Without carrying over a single picture, write out the records below exactly.

─── Input for this task

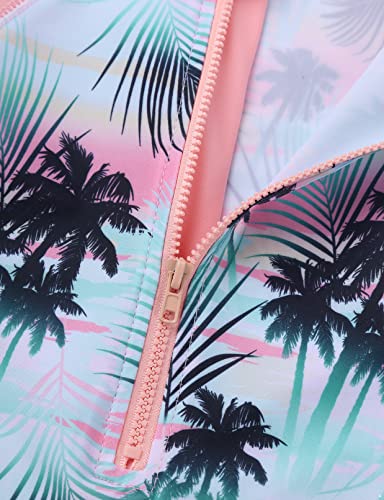 Kids Girls Rashguard Swimsuit UPF 50+ Long Sleeve Zip Front Bathing Suit Summer Swimwear with Palm Print 7
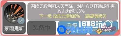 豪雨鬼斩:腾跃空中,召唤剑雨。重点:在空中时,貌似!貌似!是无敌的!不会被击中!准确的说应该是“100%闪避”。并且击倒目标。
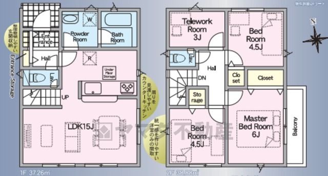 LDK15畳(1F)、洋6畳(2F)、洋4.5畳(2F)、その他3畳(2F) |
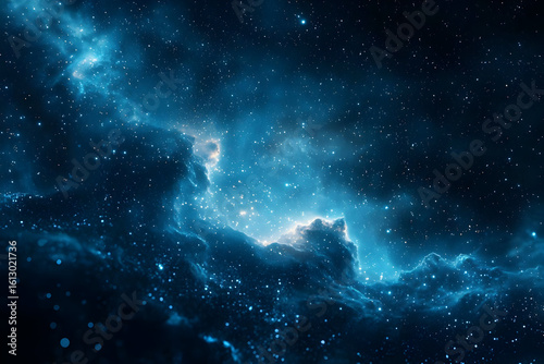 © Hokiia, Fototapeta premium Deep Space Nebula: A 3D Render of Celestial Clouds and Glimmering Stars in a Dark Blue Hues Abstract Background
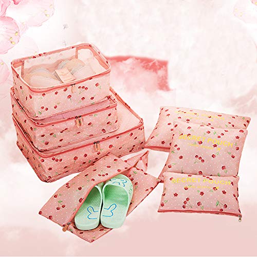 トラベルポーチ アレンジケース 7点セット トラベル アレンジケース 収納ポーチ 衣類収納 靴バッグ 洗面用具入れ pc周 辺小物用 軽量 防水 大容量 旅行 出張 整理用 チェリーピンク
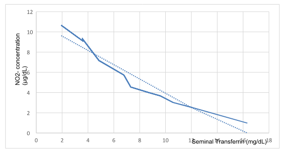 Concentration of Nitrites and seminal Tf showed an inverse relationship (R2=0,921; M= -0,7057; p0,05).
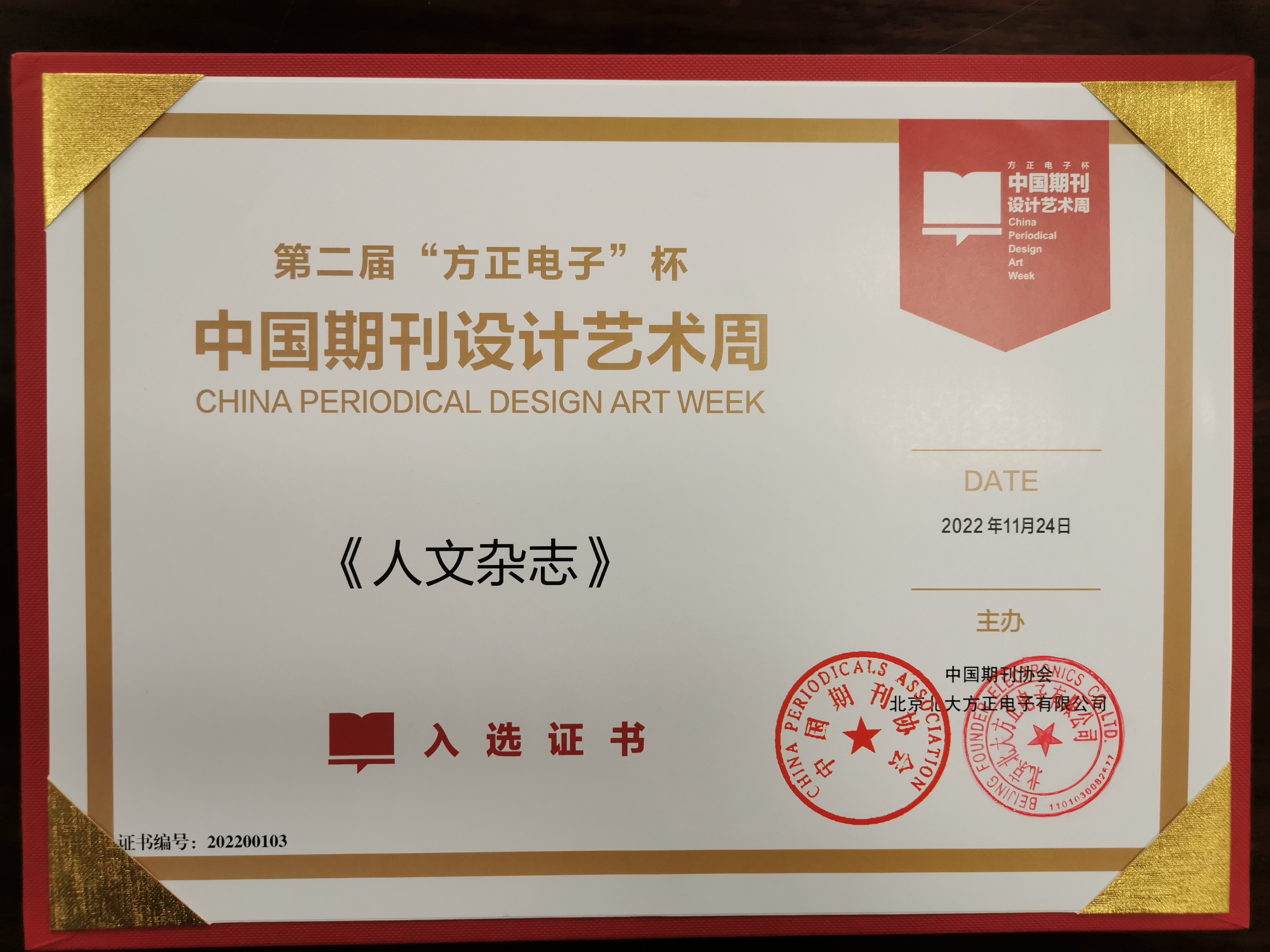 此外,在中国期刊协会、北京北大方正电子有限公司主办的第二届“方正电子”杯中国期刊设计艺术周中,《人文杂志》获得入选期刊荣誉。同时,在中国期刊协会主办的北京国际图书博览会(BIBF)上,《人文杂志》入选“2022中国精品期刊展”。
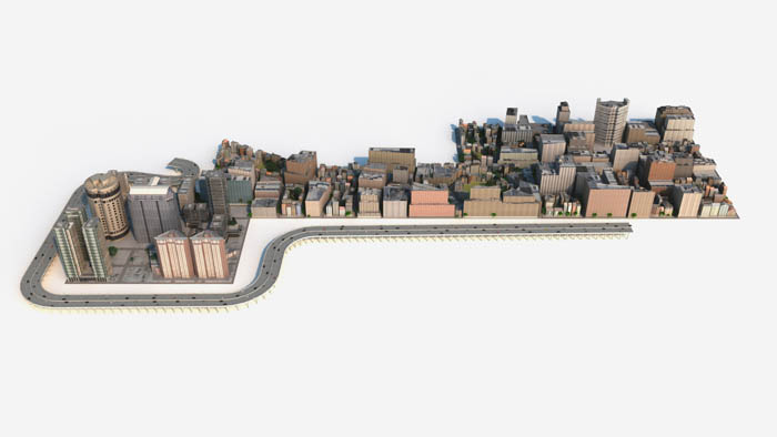 3套3D城市部分,具有来自世界不同地区的城市非常不同的模型。每一套都包含几个部分,可用于快速设置大城市。
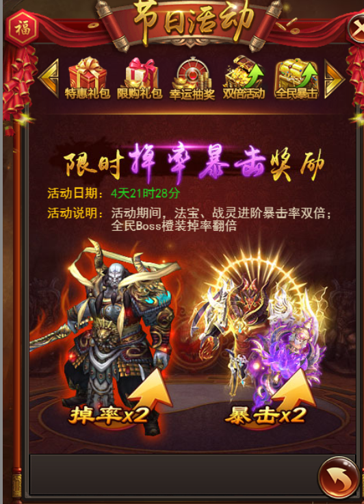 活动期间,法宝,战灵进阶暴击率双倍,全民boss橙装暴率翻倍

──────

**Result of this exercise**.
 Kids Girls Rashguard Swimsuit UPF 50+ Long Sleeve Zip Front Bathing Suit Summer Swimwear with Palm Print 7
 豪雨鬼斩:腾跃空中,召唤剑雨。重点:在空中时,貌似!貌似!是无敌的!不会被击中!准确的说应该是“100%闪避”。并且击倒目标。
 LDK15畳(1F)、洋6畳(2F)、洋4.5畳(2F)、その他3畳(2F) |
 © Hokiia, Fototapeta premium Deep Space Nebula: A 3D Render of Celestial Clouds and Glimmering Stars in a Dark Blue Hues Abstract Background
 トラベルポーチ アレンジケース 7点セット トラベル アレンジケース 収納ポーチ 衣類収納 靴バッグ 洗面用具入れ pc周 辺小物用 軽量 防水 大容量 旅行 出張 整理用 チェリーピンク
 Concentration of Nitrites and seminal Tf showed an inverse relationship (R2=0,921; M= -0,7057; p0,05).
 此外,在中国期刊协会、北京北大方正电子有限公司主办的第二届“方正电子”杯中国期刊设计艺术周中,《人文杂志》获得入选期刊荣誉。同时,在中国期刊协会主办的北京国际图书博览会(BIBF)上,《人文杂志》入选“2022中国精品期刊展”。
 3套3D城市部分,具有来自世界不同地区的城市非常不同的模型。每一套都包含几个部分,可用于快速设置大城市。
 活动期间,法宝,战灵进阶暴击率双倍,全民boss橙装暴率翻倍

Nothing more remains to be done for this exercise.